Based on the record before us, petitioner has not met his burden of proving that he acted reasonably in failing to report the wages and interest income he earned during 1982, 1983, and 1984. Wages and interest income are included in gross income. Section 61(a)(1) and (4). Petitioner acknowledged receipt of such income. Petitioner also acknowledged that he previously filed income tax returns for 1979, 1980, and 1981. He, therefore, knew or is held to have known that he was required to file income tax returns and report his income for the years in question. Accordingly, we sustain respondent's determination of the additions to tax under section 6653(a)(1) and (2).

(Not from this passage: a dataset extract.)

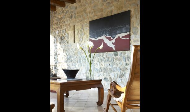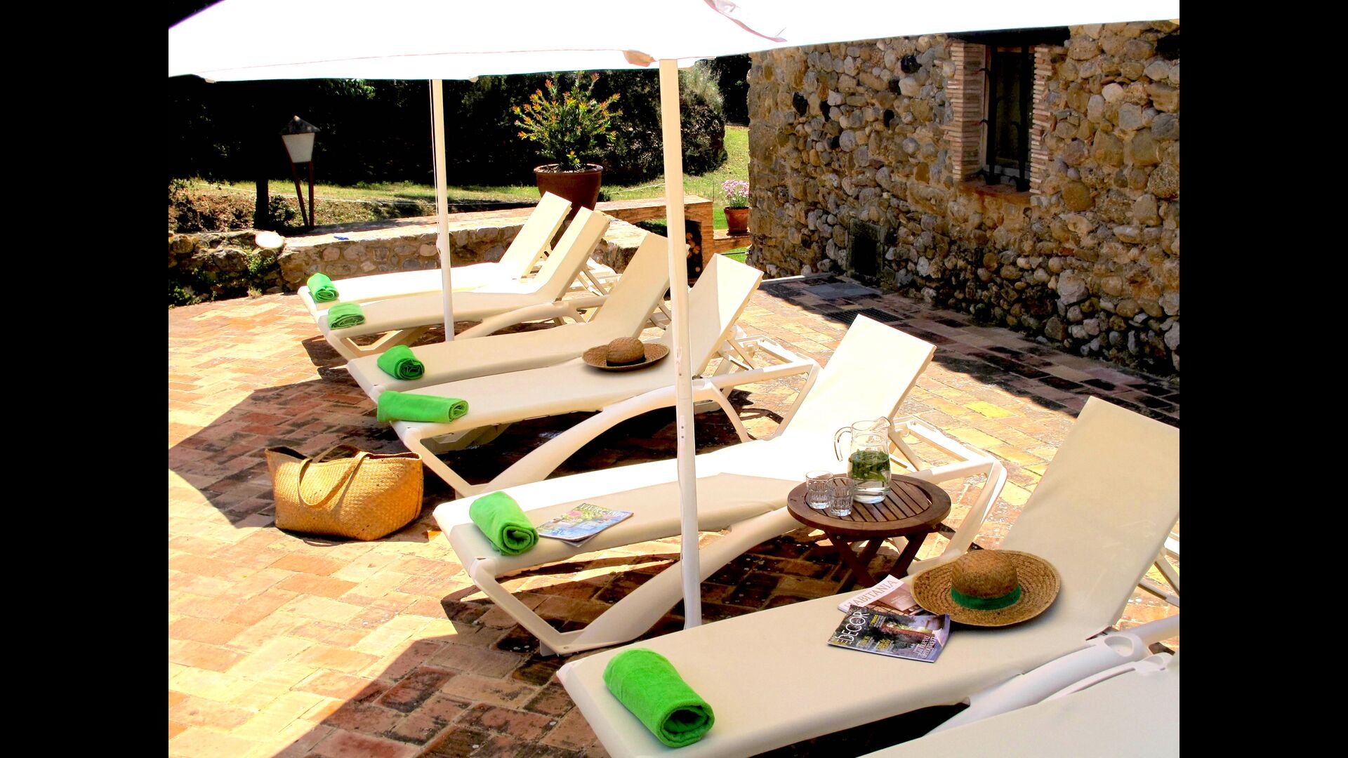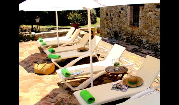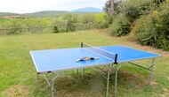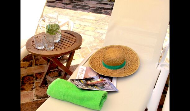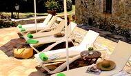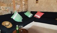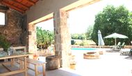 The exterior facilities are just as extensive. On the front of the house, the limestone wall surrounds the pool area. The swimming pool is 10 x 5 metres, and after a refreshing swim, you can dry in one of the beach chairs. On the east-side of the house, you find the terrace with terrace table, chairs and parasols; Big enough for the entire group to eat together. On south side of the house, there is a lawn and a path leading down to the river. It is possible to take a swim in the river as well.

Section 6661(a) provides that, in the event of a substantial understatement of income tax for any taxable year, there shall be added to the tax an amount equal to 10 percent of any underpayment attributable to such understatement. Section 6661(b) states that "a substantial underpayment" exists if the amount of the understatement of income tax for the year exceeds the greater of (1) 10 percent of the tax required to be shown on the return, or (2) $ 5,000. In this case, there was a substantial understatement of income tax for 1982, 1983, and 1984. Petitioner did not file any returns for those years. It follows that the section 6661(a) addition to tax applies. Respondent, therefore, is sustained on this determined. 2
Decision will be entered under Rule 155.